Figure 1: Evidence of third-party risk “misses”
Matlock said ERM involvement in third-party risk management activities has increased across the board since 2016. He cautioned that just doing more isn’t enough because the characteristics of third-party risk undermine the effectiveness of a typical ERM setup.
ERM is struggling to elevate the right issues because it is generally failing to limit its focus to a manageable set of issues. ERM leaders are not clearly defining which issues must be acted on first, and they are not typically preparing their audiences well to take tangible steps on the issues they surface.
Enterprise third-party risk management
There are three aspects that ERM must do differently to improve effectiveness in managing third-party risk in a large organisation, an approach Gartner calls enterprise third-party risk management.

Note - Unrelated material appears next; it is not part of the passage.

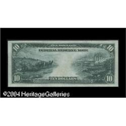 Fr. 942 $10 1914 Federal Reserve Note Choice New. T <B>Fr. 942 $10 1914 Federal Reserve Note Choice New.</B></I> This is a really nice example of a note that's quite scarce in all grades, with only about 25 examples known. <BR><BR><B>Important notice:</B> Heritage usually auctions material at the rate of 200-250 lots per hour. On some occasions eBay Live bid software or the Internet may not be able to keep up with the pace of the auction. We recommend placing a realistic absentee bid now as insurance to avoid disappointment. Occasionally the auctioneer may eliminate or reject an eBay Live bid, and the auctioneer may also reopen a lot after the close of the eBay live bidding (usually because we missed an audience bid), and may reject your bid even if it shows you as the winning bidder. By bidding via eBay Live, you agree that Heritage may award the lot to another bidder at its sole discretion under the circumstances described above or any other reasonable circumstances. Since eBay bids are not shown to us until we open the lot on the floor, we treat those bids just like floor bids. In most cases the floor responds before the eBay bid is presented to us, due to Internet lag time, so for consistency we have made it a policy that floor bids are always considered first over tie eBay live bids. Also please note that all Heritage lots purchased through eBay Live carry a 20% Buyer's Premium. Please make sure you read the Terms and Conditions before you bid. This lot is being auctioned in conjunction with a live floor auction by Heritage Galleries & Auctioneers. All final auction and invoice information will be supplied by Heritage Galleries & Auctioneers, and all other information should be considered preliminary. Lot:17723

Essentially, this is an approach to help ERM teams manage the information overload that is being created by the exponential increase in risk volume and variability brought about by the rapid growth of third parties use.
Third-party risks tend to be high volume, heterogeneous in nature, and vary greatly in importance across the business. It is hard, therefore, to identify and prioritize what matters most. ERM must first isolate and combine only those inputs that matter most at the enterprise level, enabling them to focus on aggregating the most important inputs and addressing the most critical enterprise third-party risks.
ERM must work to enable alignment across a diverse set of risk owners to obtain a holistic view and create opportunities for them to work towards consensus. In practice, this means facilitating direct thought partnership between risk co-owners with ERM adding expertise and aligning actions, as opposed to ERM acting as a central coordinator of all risk information and mitigation.
ERM’s role as a trendspotter is also undermined by the expanding third-party landscape because the potential issues are too numerous and available data is often point-in-time and lagged. Again, the solution is to narrow down the scope of what is being monitored, limiting the focus to the most critical emerging issues and proactively tracking them with a set of easily monitored forward-looking indicators that enables ERM to reliably spot critical enterprise risk trends.
“With third-party risk exposure elevated and a multitude of incoming threats on the horizon, risk committees are expecting ERM to play a greater role in managing third-party risk,” said Matlock.
“Yet traditional ERM posture is struggling to provide a concise, actionable view of third-party risk at the enterprise level. That’s why ERM must focus on enterprise third-party risk management, which involves defining enterprise-level priorities, enabling cross-functional alignment, and monitoring forward-looking indicators.”